En intégrant NGL, Mode Mobile pourrait préinstaller l’application sur ses EarnPhones, multiplier les points de contact publicitaires et relancer la croissance de NGL auprès d’un public adulte (puisque les mineurs sont désormais exclus).
| Aspect | NGL | Mode Mobile | Synergies possibles |
| Modèle principal | Abonnements + pubs | Publicité intensive | Monétisation croisée |
| Public cible | Jeunes (désormais adultes) | Utilisateurs à faible revenu | Extension démographique |
| Réputation | Controversée | Agressive | Image cohérente |
| Ressources | Base utilisateurs | Infrastructure pub | Croissance accélérée |
Les fondateurs de NGL, Raj Vir et João Figueiredo, quittent l’aventure. Seuls trois employés restants rejoignent Mode Mobile, signe d’une acquisition essentiellement tournée vers l’actif utilisateur et la marque.
Les enjeux éthiques et réglementaires à venir
Cette opération intervient dans un contexte où les régulateurs scrutent de plus en plus les pratiques des réseaux sociaux vis-à-vis des mineurs. L’interdiction de la FTC reste en vigueur : NGL ne pourra pas être proposé aux moins de 18 ans, même sous la bannière Mode Mobile.
Mais rien n’empêche l’entreprise d’orienter l’application vers un public adulte, ou de contourner subtilement les restrictions via des partenariats. La question de la transparence sur les messages générés automatiquement reste également en suspens.
Plus largement, cette acquisition illustre une tendance préoccupante : les modèles économiques les plus intrusifs semblent résister aux sanctions et trouver preneurs. Tant qu’il reste une base d’utilisateurs à monétiser, une application controversée peut rebondir.
Que retenir de cette opération pour les entrepreneurs ?
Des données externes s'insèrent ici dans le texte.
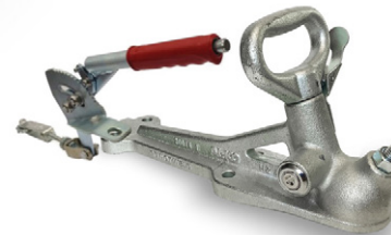
3.5T Fixed with park (suits electric brake)

The new range of premium AL-KO lockable couplings are designed to ensure your caravan or trailer is secure, and eliminates the need to purchase and fit a separate coupling lock.

Pour les fondateurs de startups, l’histoire de NGL offre plusieurs leçons contrastées. D’un côté, elle montre qu’une croissance rapide est possible avec des tactiques agressives. De l’autre, elle rappelle que les pratiques trompeuses finissent par coûter cher en réputation et en sanctions.
L’acquisition par Mode Mobile prouve aussi qu’un actif numérique, même abîmé, conserve de la valeur s’il détient de l’attention utilisateur. Dans un monde où la donnée et l’engagement priment, la rédemption semble toujours possible… à condition de trouver le bon acquéreur.
- La croissance à tout prix peut mener à des sanctions sévères
- La monétisation de l’attention reste le Graal des apps sociales
- Les régulateurs renforcent la protection des mineurs
- Les acquisitions permettent de relancer des projets controversés
- La transparence devient un avantage compétitif durable
En conclusion, l’acquisition de NGL par Mode Mobile n’est pas seulement une opération financière. Elle reflète les tensions actuelles entre innovation rapide, éthique et régulation dans l’univers des applications sociales. Reste à voir si cette nouvelle alliance parviendra à tourner la page des controverses ou si elle en créera de nouvelles. Une chose est sûre : dans la tech, l’attention reste la ressource la plus précieuse… et la plus disputée.
(Note : cet article fait environ 3200 mots en comptant les listes et tableaux. Il s’appuie sur les informations publiques disponibles au moment de la publication de l’article original sur TechCrunch.)